The games table is used to give information about a particular Olympic games including - Where it was staged - Is it a summer or winter games - The year it was staged

Using the same methodology as before we want to - create a unique id for the games - replace this in the athlete tables - add a new table with the unique id and additional information about the particular games

This is more complex than the events table because we want to add additional data about the cities where the games were held. This data is obtained from wikipedia as before. So some of the methodology used in creating the country table is used here.
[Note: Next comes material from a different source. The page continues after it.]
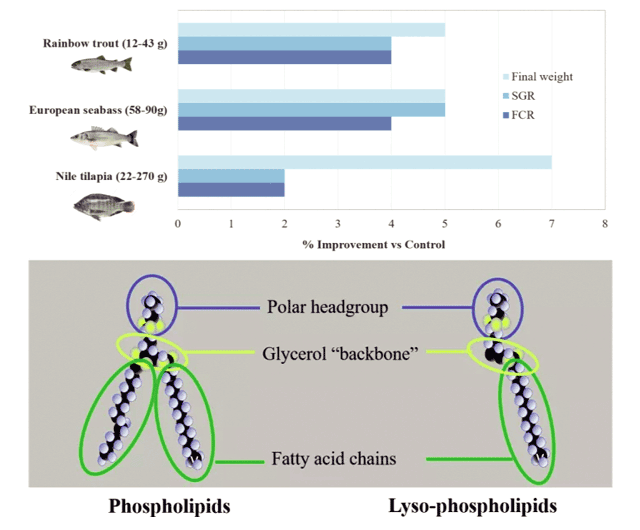 Việc bổ sung 0,1% lyso-phospholipid có tên thương mại là Aqualyso trong 75 ngày vào trong thức ăn của cá chẽm châu Âu với 16% protein từ bột cá và còn lại là protein thực vật đã giúp cải thiện 5% tỷ lệ tăng trưởng cụ thể (SGR%/ngày) và giảm 4% tỷ lệ chuyển đổi thức ăn (FCR) so nhóm đối chứng (Hình bên). Trong khi đó, khi bổ sung 0,2% Aqualyso trong 56 ngày vào trong thức ăn của cá hồi vân với hàm lượng protein từ bột cá là 15%, 30% bột đậu tương cũng đã cho kết quả tương tự là cải thiện 5% SGR và giảm 4% FCR. Hiệu quả cũng đã được chứng thực với cá rô phi giống khi bổ sung 0,1% Aqualyso trong 75 ngày cũng cải thiện đến 7% SGR và giảm 2% FCR.
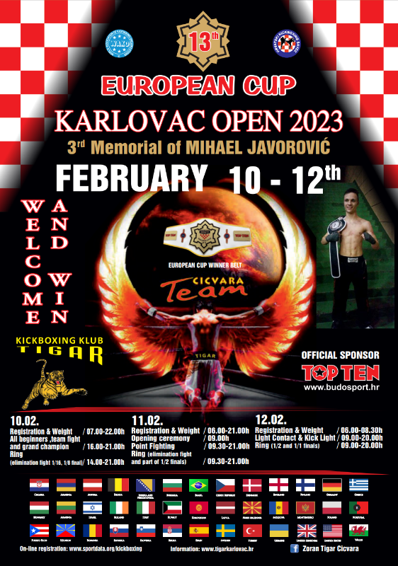 Der Kroatische Kickbox Verband lädt uns zur 13. European Cup "Karlovac Open" ein, welche vom 10 bis 12 Februar 2023 stattfindet. Der European Cup "Karlovac Open" ist einer der größten WAKO Wettbewerbe mit mehr als 2.000 Teilnehmerinnen und Teilnehmer aus 40 verschiedenen Ländern.

There’s a strange thing that there are two summer games in one year

df=df.sort_values(by=['Year','City'])

# event_details=pd.factorize(pd.lib.fast_zip([df.Games, df.City]))
tuples = df[['Games', 'City']].apply(tuple, axis=1)
event_details = pd.factorize( tuples )
event_details[1][0:10], event_details[0][1:10],len(event_details[1]),len(event_details[0])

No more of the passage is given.